Layer (type:depth-idx)                             Param #
OPTForSequenceClassification                       --
├─OPTModel: 1-1                                    --
│    └─OPTDecoder: 2-1                             --
│    │    └─Embedding: 3-1                         (38,608,896)
│    │    └─OPTLearnedPositionalEmbedding: 3-2     (1,574,400)
│    │    └─LayerNorm: 3-3                         (1,536)
│    │    └─ModuleList: 3-4                        87,708,672
├─Linear: 1-2                                      (1,536)
Total params: 127,895,040
Trainable params: 2,654,208
Non-trainable params: 125,240,832

In [36]:
from datasets import load_dataset
from torch.utils.data import DataLoader
from transformers import RobertaTokenizer
from transformers import DataCollatorWithPadding

raw_datasets = load_dataset("glue", "mrpc")

def tokenize_function(example):
    return tokenizer(example["sentence1"], example["sentence2"], return_token_type_ids=True, truncation=True)

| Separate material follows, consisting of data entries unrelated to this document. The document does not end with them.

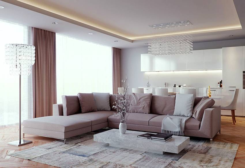 Для просторной гостиной подойдут наиболее изящные варианты с большим количеством украшений. Полотно стоит укладывать в виде складок и прочих узоров.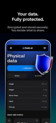 Stebėkite savo progresą vienoje vietoje, registruodami treniruotes, varžybas ir pažangą, analizuodami fizinius rodiklius bei sujungdami mentalinį ir fizinį pasirengimą, kad gautumėte išsamų vystymosi vaizdą. Be to, Kaski.ai suteikia galimybę saugiai dalintis našumo duomenimis, asmenybės įžvalgomis ir treniruočių metrikomis su treneriais ar komandos draugais, taip gerinant bendradarbiavimą ir abipusį supratimą. Jūsų privatumas yra įdiegtas į Kaski.ai pagrindą: visi asmeniniai duomenys yra užšifruojami prieš saugojimą, o jokia asmenį identifikuojanti informacija nėra dalinama. Jūs patys sprendžiate, ką ir su kuo dalintis.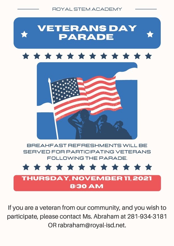Please join Royal STEM Academy in honoring our veterans at 8:30AM on Thursday, November 11, 2021. Click here to access the event flyer.
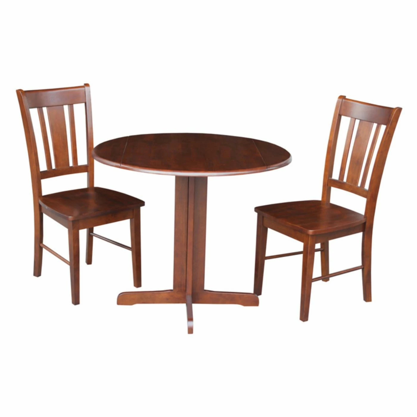 Pint-sized kitchens, itty bitty breakfast nooks, and other compact dining spaces love the International Concepts 3 Piece Dining Table Set – Espresso, and you will, too. Coming complete with a dining table and two matching chairs, this three-piece set sets a savvy scene thanks to the not-too-light, not-too-dark espresso finish.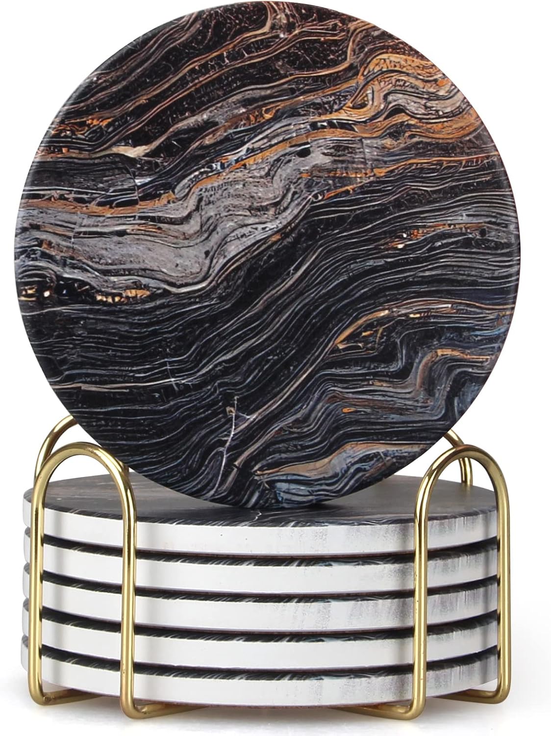 - Convenient for storage: You don't need to bear coasters placed everywhere. Stack nicely in the gold metal holder when not in use and is nicely organized in the metal holder, which will make your home tidier.

tokenizer = RobertaTokenizer.from_pretrained("roberta-base", truncation=True, do_lower_case=True)
tokenized_datasets = raw_datasets.map(tokenize_function, batched=True)
tokenized_datasets = tokenized_datasets.remove_columns(["sentence1", "sentence2", "idx"])
tokenized_datasets = tokenized_datasets.rename_column("label", "labels")
tokenized_datasets.set_format("torch")
tokenized_datasets["train"].column_names

['labels', 'input_ids', 'token_type_ids', 'attention_mask']

In [37]:
data_collator = DataCollatorWithPadding(tokenizer=tokenizer)
train_dataloader = DataLoader(
    tokenized_datasets["train"], shuffle=True, batch_size=8, collate_fn=data_collator
)
val_dataloader = DataLoader(
    tokenized_datasets["validation"], batch_size=8, collate_fn=data_collator
)

In [45]:
import time
from torch.nn import functional as F

def get_accuracy(y_pred, targets):
    predictions = torch.log_softmax(y_pred, dim=1).argmax(dim=1)
    accuracy = (predictions == targets).sum() / len(targets)
    return accuracy


def train(model, train_loader, val_loader, epochs, optimizer):
    total_time = 0

    for epoch in range(epochs):
        interval = len(train_loader) // 5

        total_train_loss = 0
        total_train_acc = 0
        total_val_loss = 0
        total_val_acc = 0

        start = time.time()

        model.train()
        for batch_idx, batch in enumerate(train_loader):
            optimizer.zero_grad()

            input_ids = batch["input_ids"].to(device)
            attention_mask = batch["attention_mask"].to(device)
            labels = batch["labels"].to(device)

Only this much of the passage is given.